To explore the safety and clinical efficacy of radiofrequency ablation (RFA) for papillary thyroid microcarcinoma (PTMC) located in the isthmus. This prospective study enrolled patients with single isthmus PTMC admitted to General Surgery Department of 983rd Hospital of Joint Logistic Support Force of PLA from 2017 to 2022. After ablation, the ultrasound and contrast-enhanced ultrasound (CEUS) were performed to follow up the outcomes at 1, 3, 6, 12, 18, and 24 months. The volume reduction rates (VRR), disappearance rates (DR), incidence of complications, recurrence, and lymph node metastasis were recorded. A total of 135 patients were enrolled in this study, including 26 men and 109 women. The average age was 41.07±13.60 years old.

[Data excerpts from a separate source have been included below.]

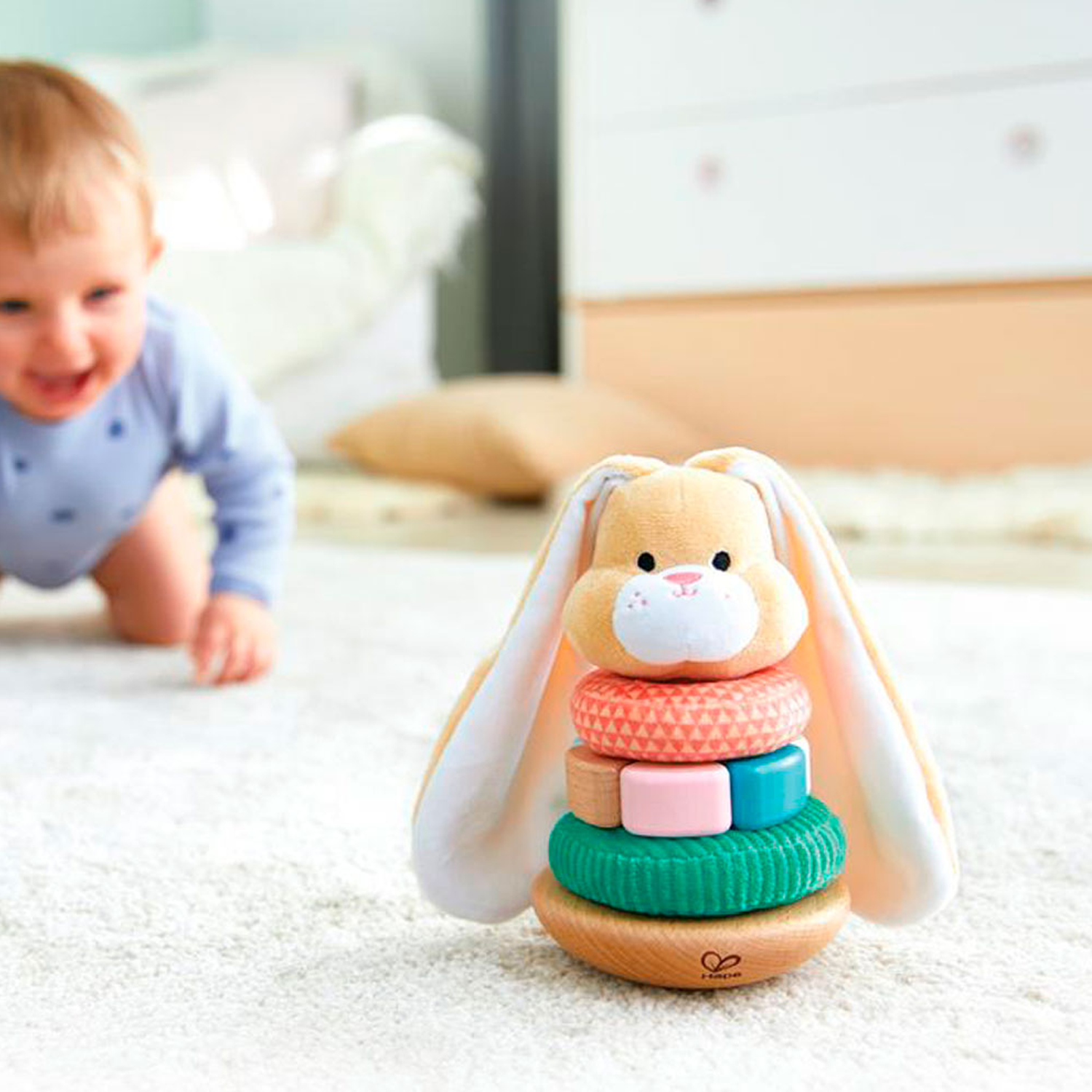 Esta pirámide de apilar tiene diferentes texturas en cada disco, creando una experiencia sensorial con tela y madera para estimular el tacto en los más peques.
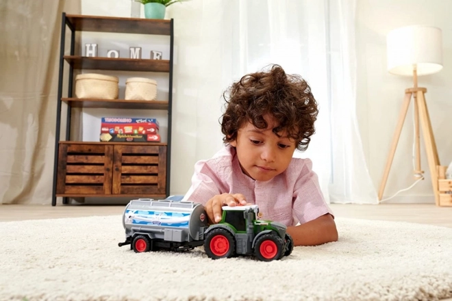 Na farme a pri práci na poli je potrebných mnoho nástrojov, vrátane traktora s veľkým prívesom na mlieko. Profesionálnu prepravu mlieka zabezpečíte s prepravníkom mlieka Fendt od Dickie Toys! Oficiálne licencovaný traktor Fendt sa osvedčí na domácej farme alebo vonku, napr. na záhrade. Poľnohospodárske vozidlo s prívesom je zámienkou na rozprávanie o ťažkej práci farmárov a k jej oceneniu, navyše podnecuje detskú predstavivosť a zároveň precvičuje motoriku ich malých ručičiek. Veľké a široké pneumatiky zabezpečujú dostatočnú priľnavosť vozidla, takže sa traktor neodchyľuje od svojej trasy. Bohaté herné funkcie boli obohatené o svetelné a zvukové efekty, vďaka ktorým je hra realistickejšia. Pohyblivé časti, ako je skladacia základňa prívesu na mlieko, navyše podporujú pohlcujúcu hru. Farebné detaily, ako sú tematické samolepky a skladací stojan, rovnako ako transparent na prívese a pripojený rebrík, zabezpečujú autentickú hru v detskej izbe. Vďaka 2 batériám AAA, ktoré sú súčasťou balenia, môžete začať hrať hneď po rozbalení! Poskytne mimoriadnu zábavu deťom aj ich opatrovateľom. Zároveň sa pri hre stimulujú motorické zručnosti a prebúdza sa detská vynaliezavosť a zvedavosť o okolnom svete. Objavte pôžitky z farmárčenia a práce na farme s poľnohospodárskymi vozidlami zo série FARM od renomovanej značky vozidiel Dickie Toys! Traktor Fendt s prívesom na mlieko je osvedčený darček k narodeninám, Vianociam, Dňu detí a ďalším príležitostiam pre deti od 3 rokov.
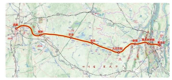 線路自重慶樞紐重慶北站引出,向西跨越嘉陵江,先后設科學城站、銅梁站、大足石刻站、安岳站、樂至站、簡州站,終點引入成都樞紐成都站。
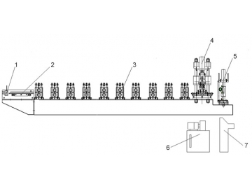 Carregamento → Desbobinamento e alimentação → Ajustamento e guia → Prrfilagem → Perfuração após prensagem → Corte → Mesa de operação final
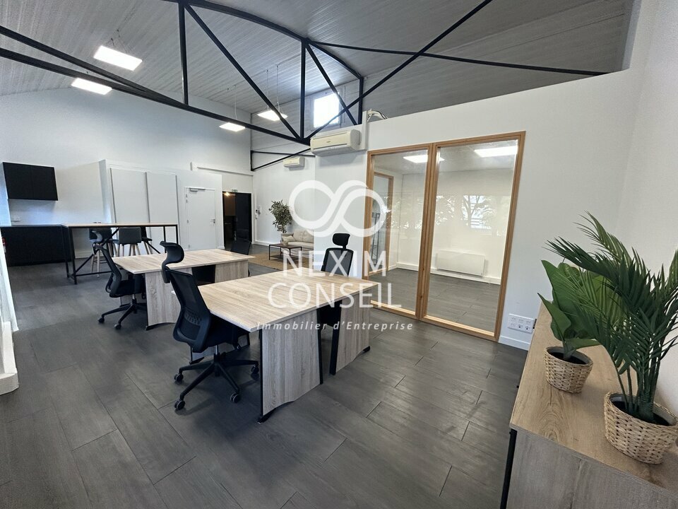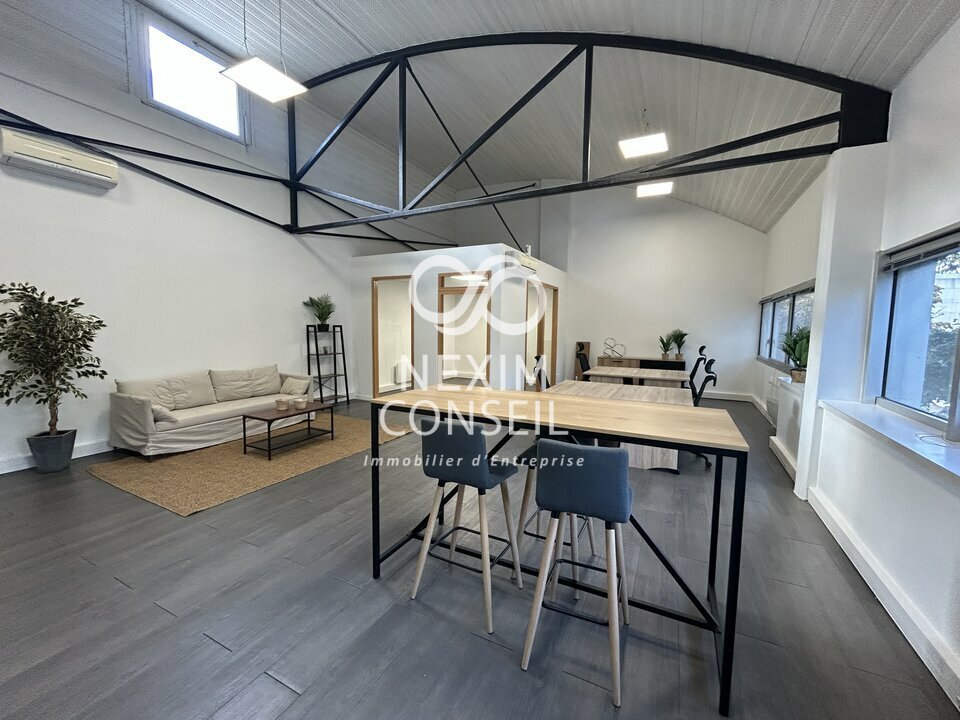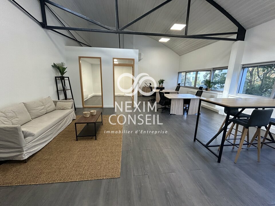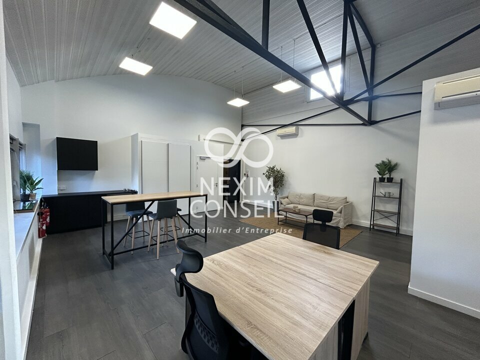 D'une surface totale de 85 m² (quote-part des parties communes incluse), il comprend un espace privatif cloisonné, un coin cuisine, la climatisation, une belle hauteur sous plafond ainsi qu'un espace de rangement.
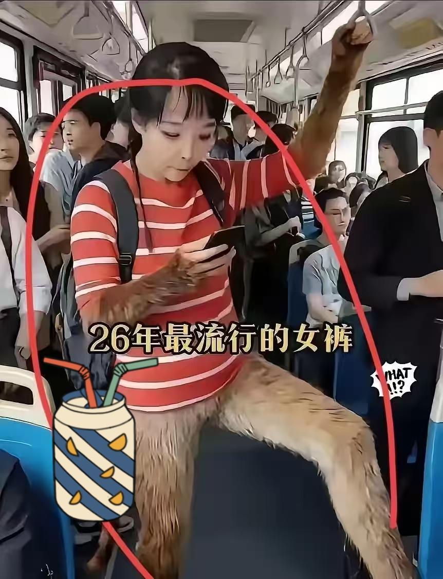 家人们谁能想到, 2026年的时尚居然野到这种程度! 你看这款“猴腿裤”,毛茸茸的腿型设计往公交上一杵,旁边大哥的“WHAT!?”都快溢出屏幕了。 也不知道是时尚圈开始“物种杂交”,还是野生审美彻底逆袭。反正这裤子我是不敢碰的,怕穿上就成“花果山分山主”。你们说说,这潮流能蹦跶几天?
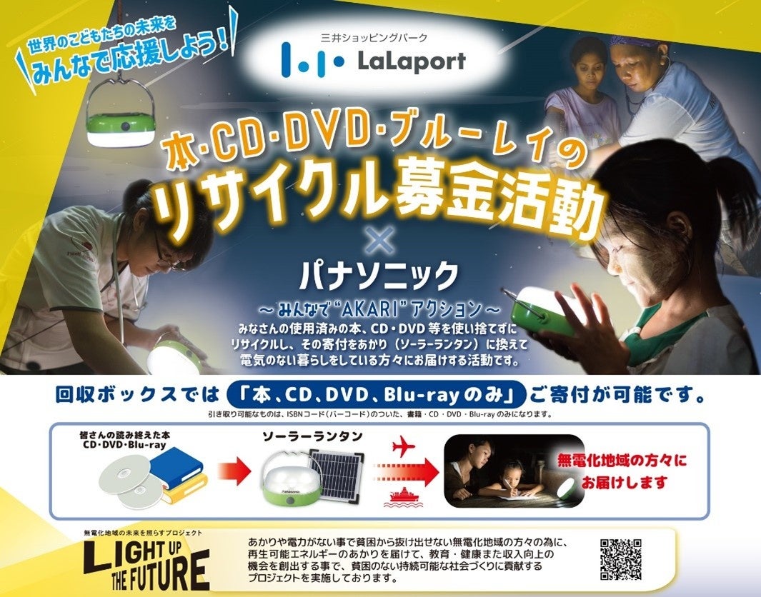 首都圏地区の6つのららぽーと施設内に「みんなで”AKARI”アクション」のリサイクル募金用の寄付ボックスを設置し、読み終えた本やCD、DVD、ブルーレイの寄付を呼びかけます。寄付いただいたリサイクル品は嵯峨野株式会社が運営するサービス「きしゃぽん」を通じて買い取りを行い、その金額をソーラーランタンに換えてアジアやアフリカの電気のない暮らしをしている方々にお届けします。
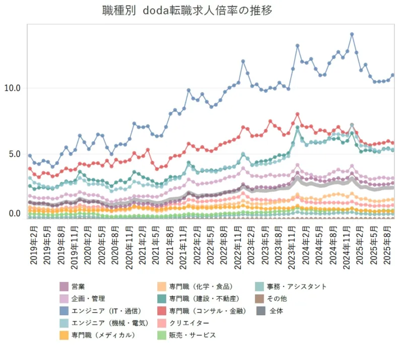 (引用:doda「業界別マーケットレポート 不動産業界(2025年9月)」)
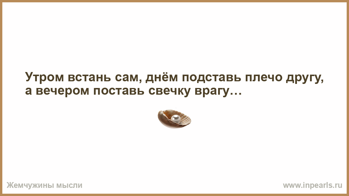 Утром встань сам, днём подставь плечо другу, а вечером поставь свечку врагу…
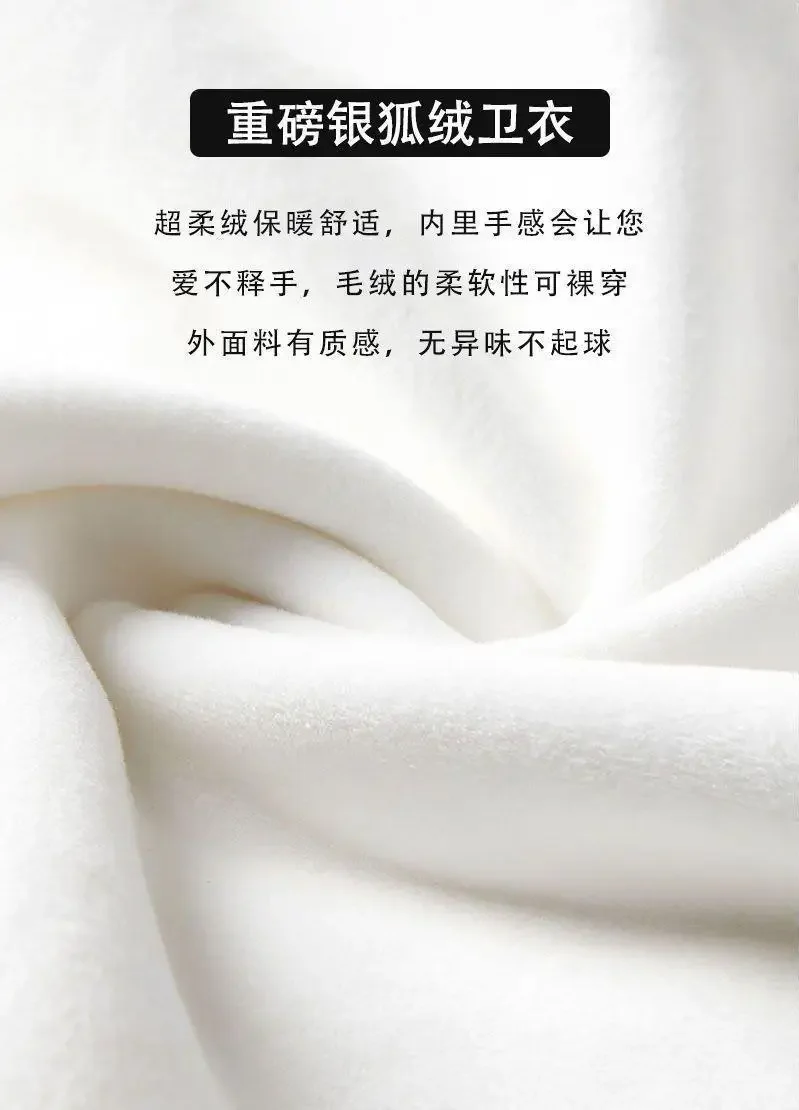 Y2k Korean retro fur collar hoodie letter pattern zipper hooded sweatshirt women's French thickened silver fox velvet jacket

The average diameter of PTMC was 0.68 ±0.17cm. After ablation, the DRs at 1, 3, 6, 12, 18 months, and 24 months were 0.0% (0/135), 10.4% (14/135), 52.6% (71/135), 81.5% (110/135), 100% (135/135), and 100% (135/135), and the VRRs at 1, 3, 6, 12, 18 months, and 24 months were 66.18±12.57%, 82.42±12.01%, 93.33±8.70%, 98.58±3.71%, 100.00±0.00%, 100.00±0.00%. Two patients suffered recurrence of PTMC in the thyroid at 6 and 12 months after ablation, and one patient suffered cervical lymph node metastases at 18 months after ablation. No patient had serious complications, including death, hemorrhage, or thermal injury to peripheral organs. RFA was a safe and effective treatment for isthmus PTMC, which may add new choices to the treatment strategy for patients.

摘要

探讨射频消融(RFA)治疗位于甲状腺峡部的甲状腺微小乳头状癌(PTMC)的安全性和临床疗效。本前瞻性研究纳入了2017年至2022年期间解放军联勤保障部队第983医院普通外科收治的单发甲状腺峡部PTMC患者。消融后,在1、3、6、12、18和24个月进行超声及超声造影(CEUS)随访观察疗效。记录体积缩小率(VRR)、消失率(DR)、并发症发生率、复发及淋巴结转移情况。本研究共纳入135例患者,其中男性26例,女性109例。平均年龄为41.07±13.60岁。PTMC平均直径为0.68±0.17cm。消融后,1、3、6、12、18个月及24个月时的DR分别为0.0%(0/135)、10.4%(14/135)、52.6%(71/135)、81.5%(110/135)、100%(135/135)和100%(135/135),1、3、6、12、18个月及24个月时的VRR分别为66.18±12.57%、82.42±12.01%、93.33±8.70%、98.58±3.71%、100.00±0.00%、100.00±0.00%。2例患者在消融后6个月和12个月时甲状腺PTMC复发,1例患者在消融后18个月时出现颈部淋巴结转移。无患者发生严重并发症,包括死亡、出血或周围器官热损伤。RFA治疗甲状腺峡部PTMC安全有效,可为患者的治疗策略增加新的选择。